Overview
Myoclonic epilepsy with ragged red fibers (MERRF) is a mitochondrial encephalomyopathy characterized by myoclonus, epilepsy, and ragged-red fibers on muscle biopsy, resulting from mitochondrial DNA mutations affecting tRNA function 1.Diagnosis
Clinical Features: Myoclonus, epilepsy, progressive neurological decline 1.
Muscle Biopsy: Presence of ragged-red fibers indicative of mitochondrial dysfunction 1.
Genetic Testing: Identification of mitochondrial DNA mutations, particularly A8344G in tRNA(Lys) 1.
Imaging: MRI may show characteristic changes in brain morphology 1.Management
Symptomatic Treatment: Anticonvulsants for seizure control (e.g., valproate, levetiracetam) 1.
Supportive Care: Physical and occupational therapy to manage motor deficits 1.
Dietary Management: No specific dietary recommendations based on current evidence 1.Special Populations
Pregnancy: Limited data; close monitoring required due to potential for maternal and fetal complications 1.
Pediatrics: Early intervention with multidisciplinary support crucial for managing developmental delays 1.
Elderly: Focus on palliative care and symptom management as disease progresses 1.

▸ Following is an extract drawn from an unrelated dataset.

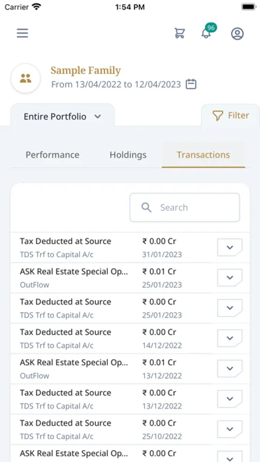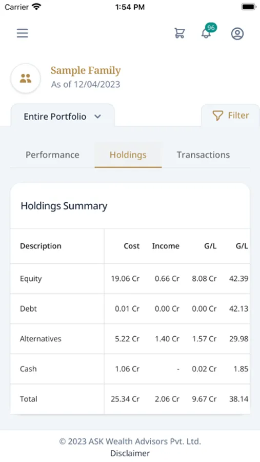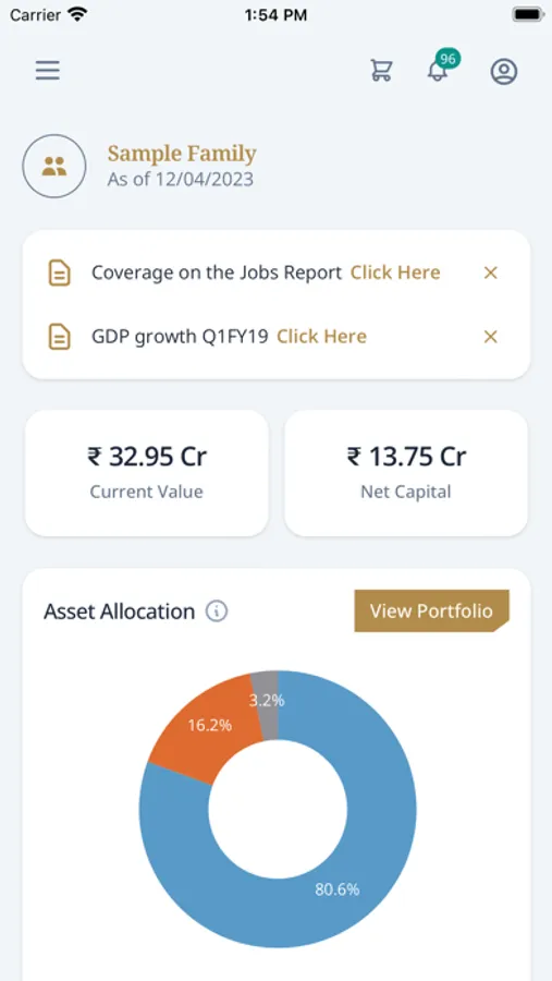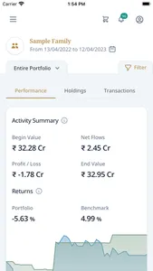 - Dashboard of your investments at all levels i.e. Family, Client and Account level
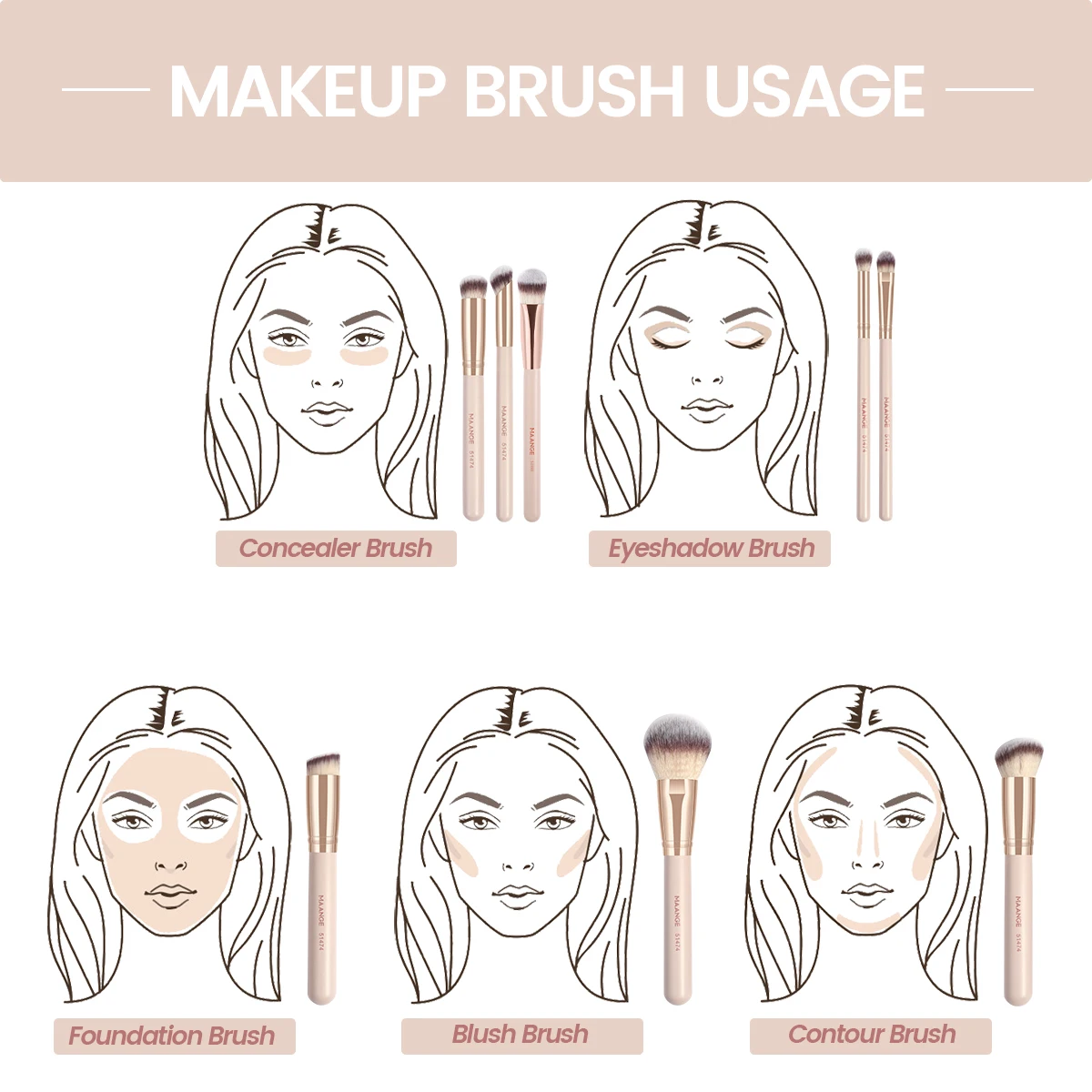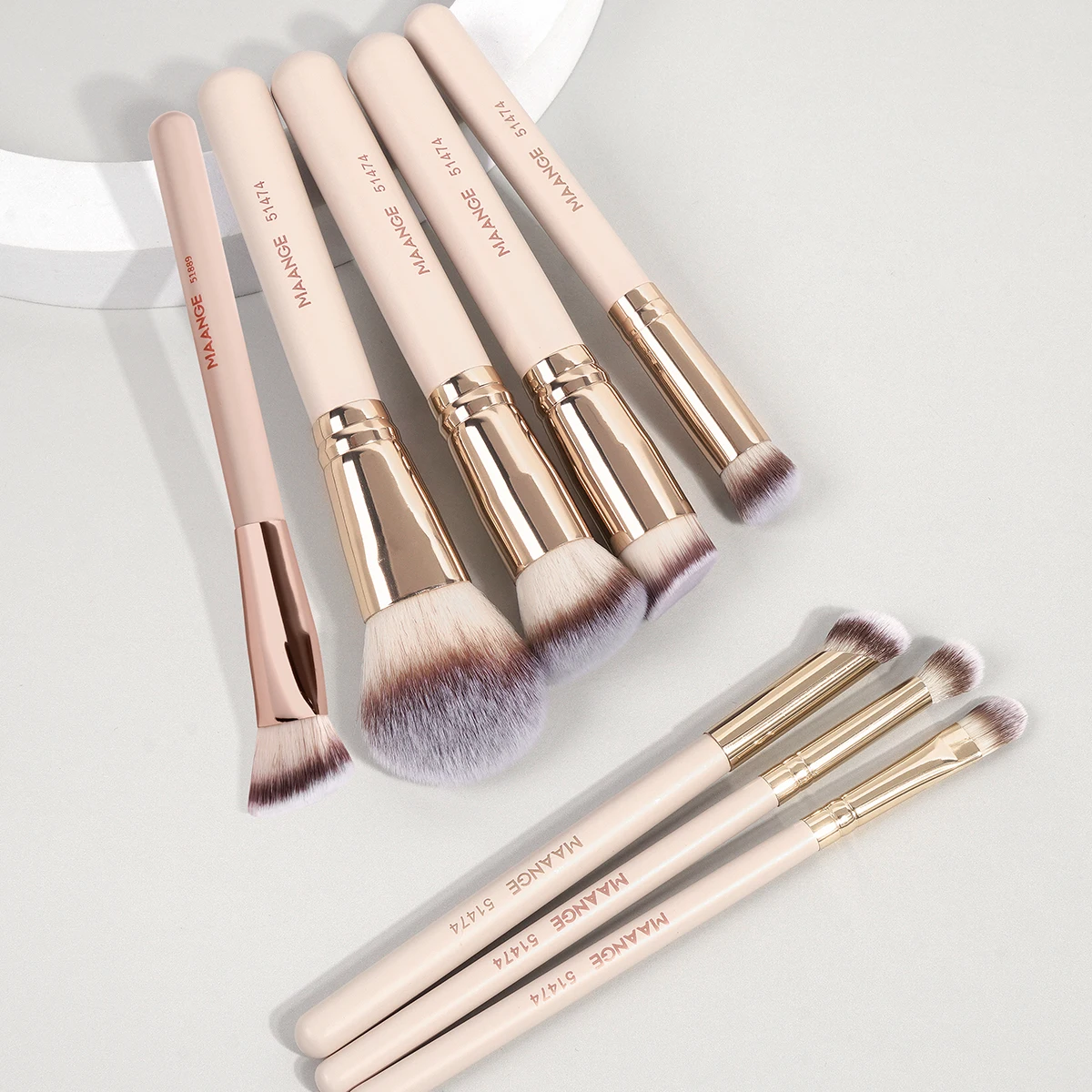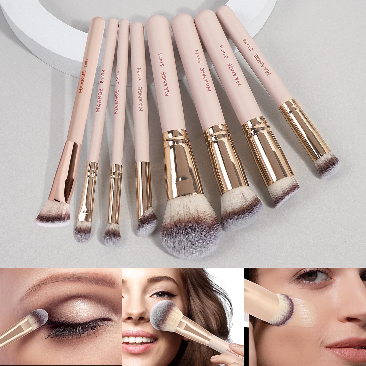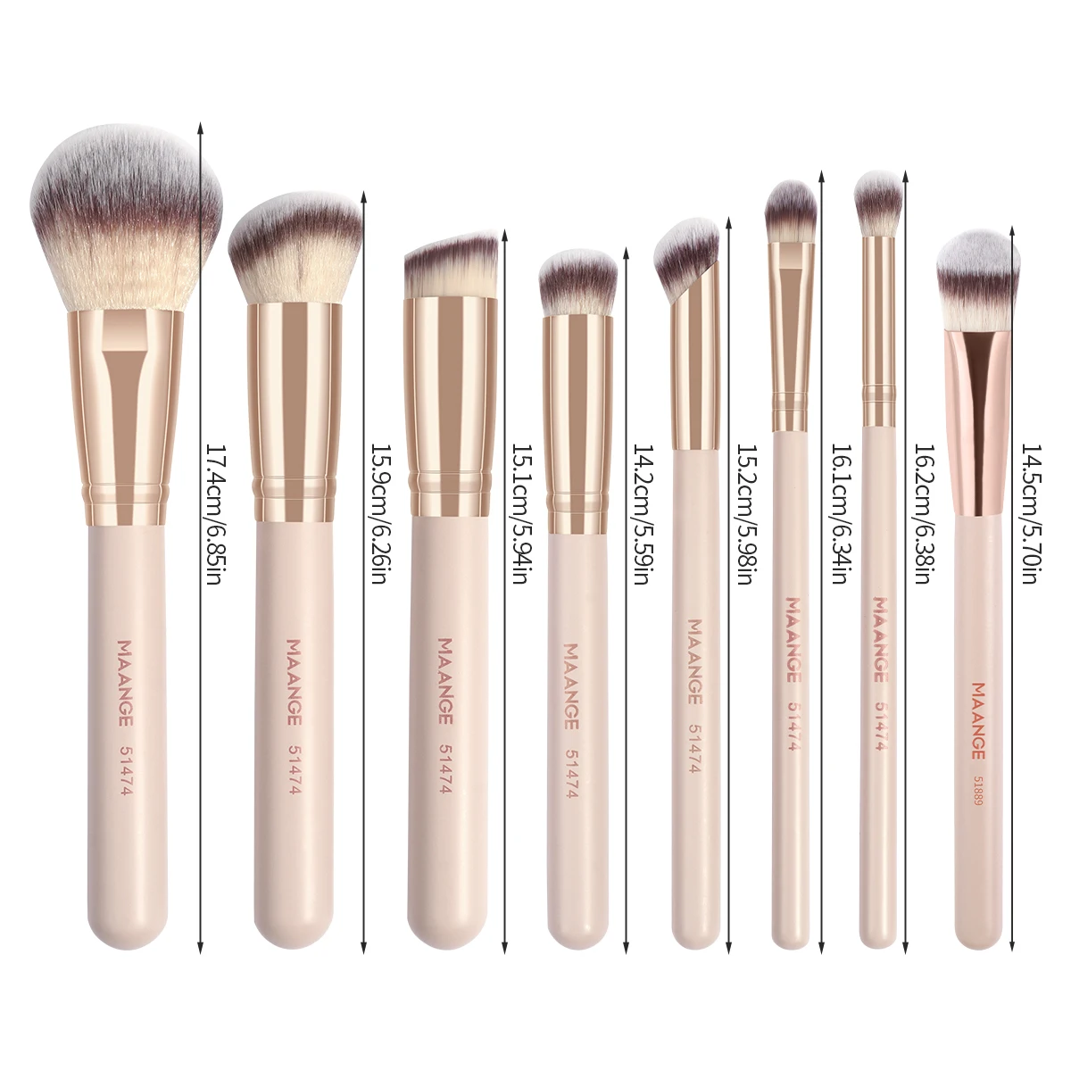 MAANGE 8pcs Makeup Brush Set Including Powder Blusher Foundation Makeup and Contour Brush Portable Travel Set for All Skin Types

Comorbidities: Management tailored to individual comorbidities with caution due to potential drug interactions 1.Key Recommendations
Genetic Testing for Diagnosis: Confirm diagnosis through genetic testing for mitochondrial DNA mutations, particularly in tRNA(Lys) 1 (Evidence: Strong).
Anticonvulsant Therapy for Seizures: Initiate anticonvulsants to control seizures, considering individual patient response and side effects 1 (Evidence: Moderate).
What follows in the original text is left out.